In preparation for sparqlcamp I spent far too much time playing with a Firefox extension to show RDF information about photos, which I’ve called pigsty party in hommage to the rather better piggy bank extension. I had a terrible time actually writing it – very slow indeed to develop, but the power of Firefox made it worthwhile, I think. Or, at least you can see some of the potential of it, though the result is a terrible old hack, borrowing heavily from the Sage RSS reader in particular.
The idea was to try and show how the results of Sparql queries (for example; they could just be ordinary RDF files) might be usefully displayed to the user in a way that really showed the advantages of RDF (assuming there are any š I’ve been using Sage a lot and I like the way you can get images in the feeds via the html. I like Flickr (and flickrfox) a lot too but I’m certainly not going to try to put my 10000+ photos on their site.
A fair few people have being putting RDF data about images on their sites – especially depiction data, location data, dates and thumbnails. After a Guinness-fuelled meeting at the Foaf workshop in Galway last year, Morten Frederiksen, Greg Williams and I have more or less have the same kinds of information available in similar formats: scene is set for a distributed Flickr thingy. Tags are fashionable, so what the hell… š
So some groundwork for something like that was the aim. Of course there are plenty of different ways of creating something like this – some sort of distributed query combining the results from several sources into one html page is another tack, and it looks as if we’ll try something like that out of Sparqling days too.
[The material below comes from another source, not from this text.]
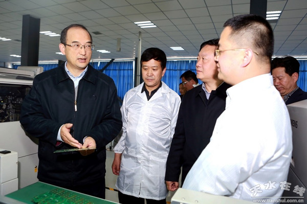 在聽取我公司匯報和現場查看后,黃副省長對我公司提出了希望和建議:要進一步加快轉變發(fā)展方式,加大科技創(chuàng)新力度,進一步提升產品的核心競爭力和企業(yè)的市場競爭力,努力把企業(yè)做大、做強,要圍繞企業(yè)發(fā)展需要,認認真真、扎扎實實地做好各項服務工作。甘肅省工信委副主任、國防科工局局長胡宗杰,甘肅省工信委副主任王海峰,天水市委副書記、市長楊維俊,市委常委、副市長張明泰一同調研,公司總經理侯重民、黨委書記王輝同志進行了陪同。

A Firefox extension is another way. The Pigsty Firefox extension finds gallery files in this format or this format linked from foaffiles which the extension finds using the foaf autodiscovery from html method. More detail is on the Pigsty homepage.
Having found the feeds you can view then with their images and metadata, and also filter the metadata for people, places, dates and tags. Some screenshots are available. Really, the feeds need to be latest photos from each source for it to be an interesting, updating dataset.
This is one to throw away, but I hope it makes some sort of sense. It’s fairly easy to extend – I’ve made some headway into displaying iCalendar RDF files but I’m having some issues with datatypes at the moment. I’d quite like to see what conferences and meetings my friends were going to and then save the events as iCalendar locally.
Many thanks to Jim Ley for providing updated versions of his javascript RDF parser on request. I think using the inbuilt RDF features of Firefox might also be an option, although I don’t know how up to date they are for the current RDF syntax.
The main issue I can see with Pigsty (apart from general usability issues) is that processing the RDF files rapidly gets too tiring for the application and you get ‘a script in this page is causing firefox to run slowly’.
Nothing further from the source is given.